* **Exercise goal**: Leaving out the images, please reproduce each line below exactly.

* **Stored items**:
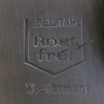 Auf einem Griff ist das Logo des Herstellers in Siebdruck zu sehen (kleines Bild). Darüberhinaus findet sich auf einer Seite der Stempelhalterung die Prägung EDELSTAHL rostfrei und W.-Germany (kleines Bild).
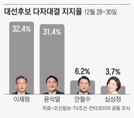 오는 3월 9일 치러지는 20대 대선을 두 달 여 앞두고 조선일보·TV조선이 실시한 대선 후보 4자 대결 여론조사에서 이재명 더불어민주당 후보(32.4%)와 윤석열 국민의힘 후보(31.4%)가 지지율 1%포인트 차이의 초접전을 벌이는 것으로 나타났다. 안철수 국민의당 후보는 6.2%, 심상정 정의당 후보는 3.7%였고 지지 후보가 ‘없다·모르겠다’는 21.9%였다. 칸타코리아에 의뢰해 한 달 전 실시한 조사(11월 29~30일)와 이번 신년 조사(12월 28~30일)를 비교하면 이 후보는 29.3%에서 3.1%포인트 상승한 반면 윤 후보는 35.6%에서 4.2%포인트 하락했다.
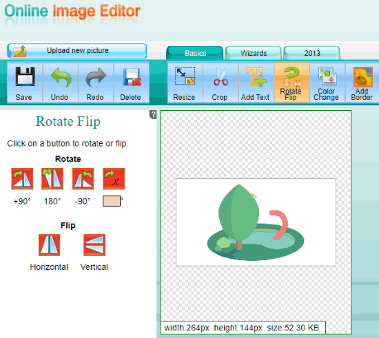Online Image Editor is one of the best websites to flip images on this list. It lets you upload images from PC, Facebook or add an online image to flip it horizontally or vertically. Apart from flipping JPG, PNG, and other common format images, it also lets you flip an animated GIF. This is a unique feature not provided by many other image flipper websites.
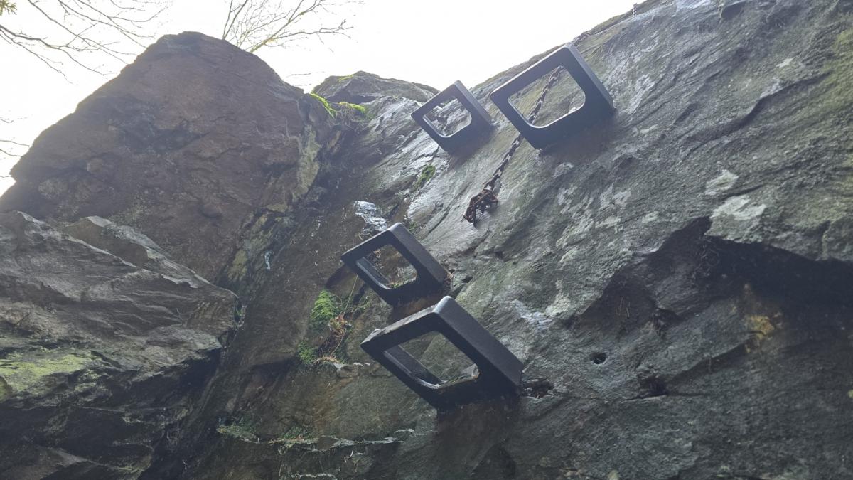 Podejście od żółtego szlaku nie zdradza jeszcze, że za chwilę zmieni się klimat całej wędrówki. Leśna ścieżka trawersuje stok, a potem – niemal bez ostrzeżenia – wyrasta przed nami kilkunastometrowa, poszarpana ściana. Dopiero po wejściu bliżej widać najciekawszy element: metalowe klamry i stopnie zamontowane na stronie odwróconej do lasu, w takim miejscu, że z głównej ścieżki są kompletnie niewidoczne.
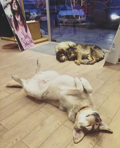 相比之下,土耳其的狗狗们就没有这样的待遇了。因为向它们开放的商场里都是些杂货商店,他们只能拿一些厚纸皮当床。
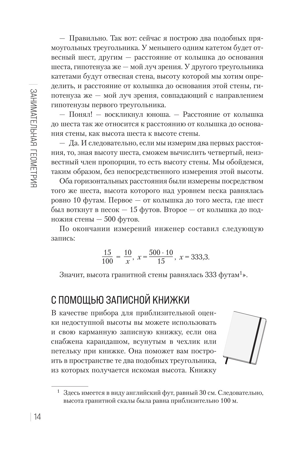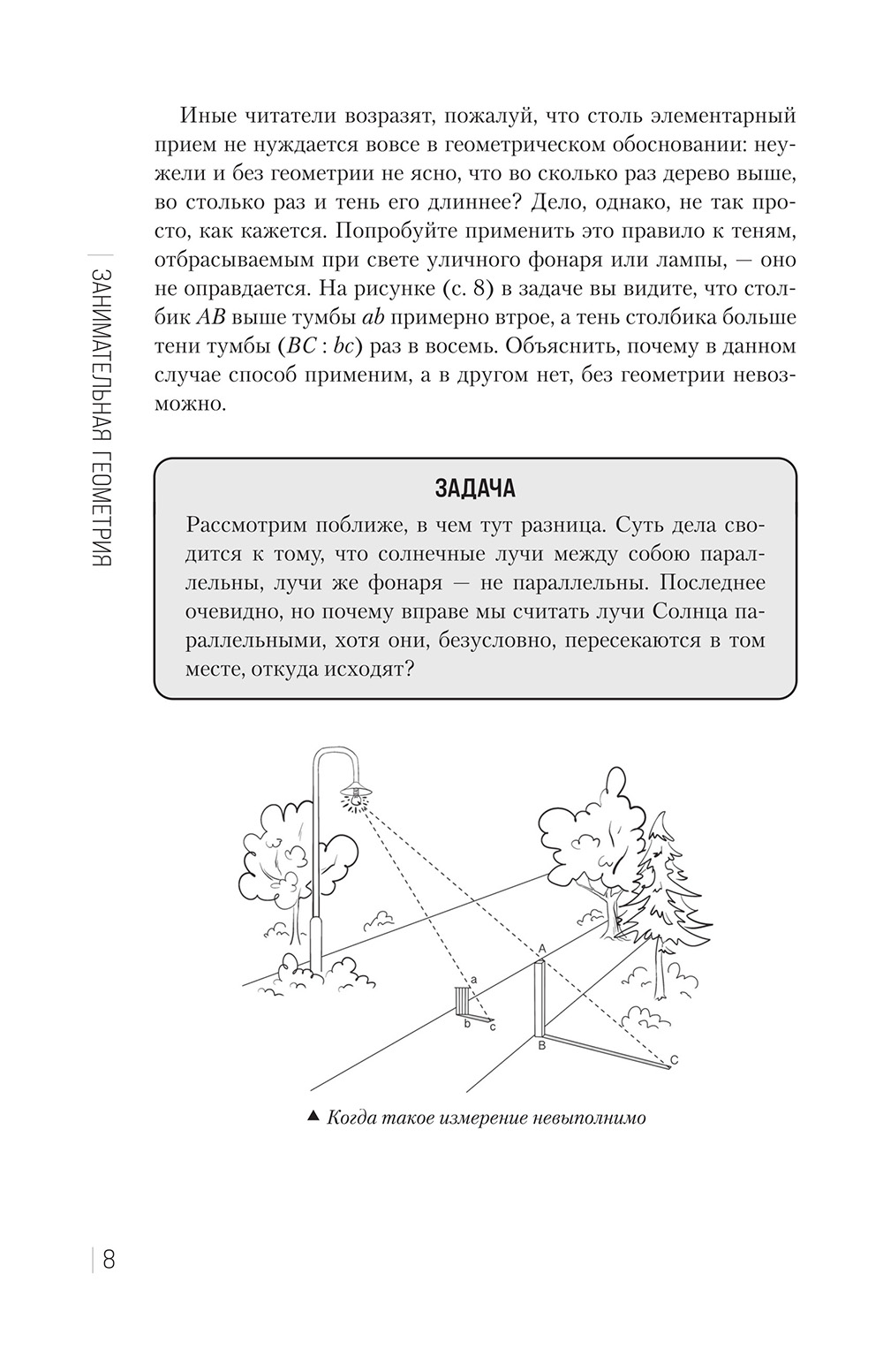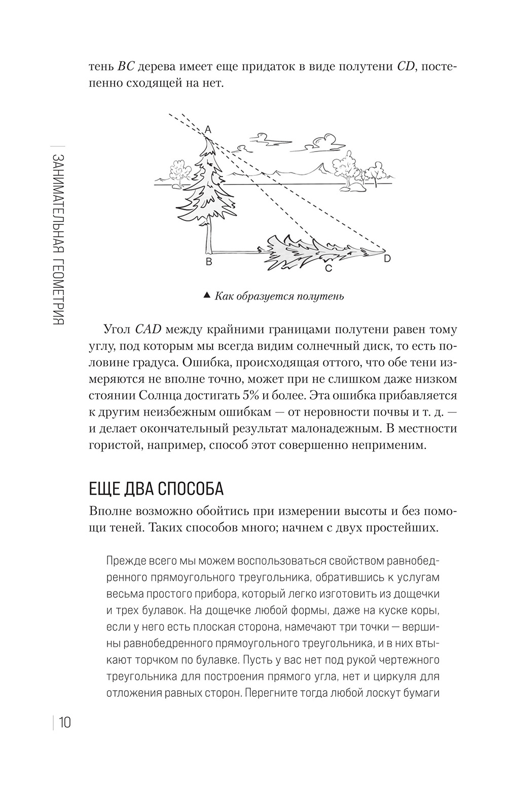 Яков Перельман доказывает, что геометрия - вовсе не «кабинетная» наука, созданная для мучения школьников. В каждом разделе этой книги собраны задачи и истории, которые помогут не только с легкостью запомнить сложные формулы, но и применить их на практике. Перельман разбирает не только известные теоремы, но и практичные житейские вопросы. Как измерить окружность стакана без линейки и сантиметра или сосчитать, сколько звезд отражается на поверхности реки? Почему у деревянных бочек выпуклые бока? Вы начнете получать удовольствие от науки и станете замечать законы геометрии повсюду: на улице, дома - и даже в художественной литературе! В «Занимательной геометрии», к примеру, рассказывается о том, какие геометрические ошибки допустили в своих книгах Свифт и Пушкин. Книга будет интересна не только детям, но и взрослым, а иллюстрации и схемы помогут лучше понять и усвоить материал.

* **Response area**:
 Auf einem Griff ist das Logo des Herstellers in Siebdruck zu sehen (kleines Bild). Darüberhinaus findet sich auf einer Seite der Stempelhalterung die Prägung EDELSTAHL rostfrei und W.-Germany (kleines Bild).
 오는 3월 9일 치러지는 20대 대선을 두 달 여 앞두고 조선일보·TV조선이 실시한 대선 후보 4자 대결 여론조사에서 이재명 더불어민주당 후보(32.4%)와 윤석열 국민의힘 후보(31.4%)가 지지율 1%포인트 차이의 초접전을 벌이는 것으로 나타났다. 안철수 국민의당 후보는 6.2%, 심상정 정의당 후보는 3.7%였고 지지 후보가 ‘없다·모르겠다’는 21.9%였다. 칸타코리아에 의뢰해 한 달 전 실시한 조사(11월 29~30일)와 이번 신년 조사(12월 28~30일)를 비교하면 이 후보는 29.3%에서 3.1%포인트 상승한 반면 윤 후보는 35.6%에서 4.2%포인트 하락했다.
Online Image Editor is one of the best websites to flip images on this list. It lets you upload images from PC, Facebook or add an online image to flip it horizontally or vertically. Apart from flipping JPG, PNG, and other common format images, it also lets you flip an animated GIF. This is a unique feature not provided by many other image flipper websites.
 Podejście od żółtego szlaku nie zdradza jeszcze, że za chwilę zmieni się klimat całej wędrówki. Leśna ścieżka trawersuje stok, a potem – niemal bez ostrzeżenia – wyrasta przed nami kilkunastometrowa, poszarpana ściana. Dopiero po wejściu bliżej widać najciekawszy element: metalowe klamry i stopnie zamontowane na stronie odwróconej do lasu, w takim miejscu, że z głównej ścieżki są kompletnie niewidoczne.
 相比之下,土耳其的狗狗们就没有这样的待遇了。因为向它们开放的商场里都是些杂货商店,他们只能拿一些厚纸皮当床。
 Яков Перельман доказывает, что геометрия - вовсе не «кабинетная» наука, созданная для мучения школьников. В каждом разделе этой книги собраны задачи и истории, которые помогут не только с легкостью запомнить сложные формулы, но и применить их на практике. Перельман разбирает не только известные теоремы, но и практичные житейские вопросы. Как измерить окружность стакана без линейки и сантиметра или сосчитать, сколько звезд отражается на поверхности реки? Почему у деревянных бочек выпуклые бока? Вы начнете получать удовольствие от науки и станете замечать законы геометрии повсюду: на улице, дома - и даже в художественной литературе! В «Занимательной геометрии», к примеру, рассказывается о том, какие геометрические ошибки допустили в своих книгах Свифт и Пушкин. Книга будет интересна не только детям, но и взрослым, а иллюстрации и схемы помогут лучше понять и усвоить материал.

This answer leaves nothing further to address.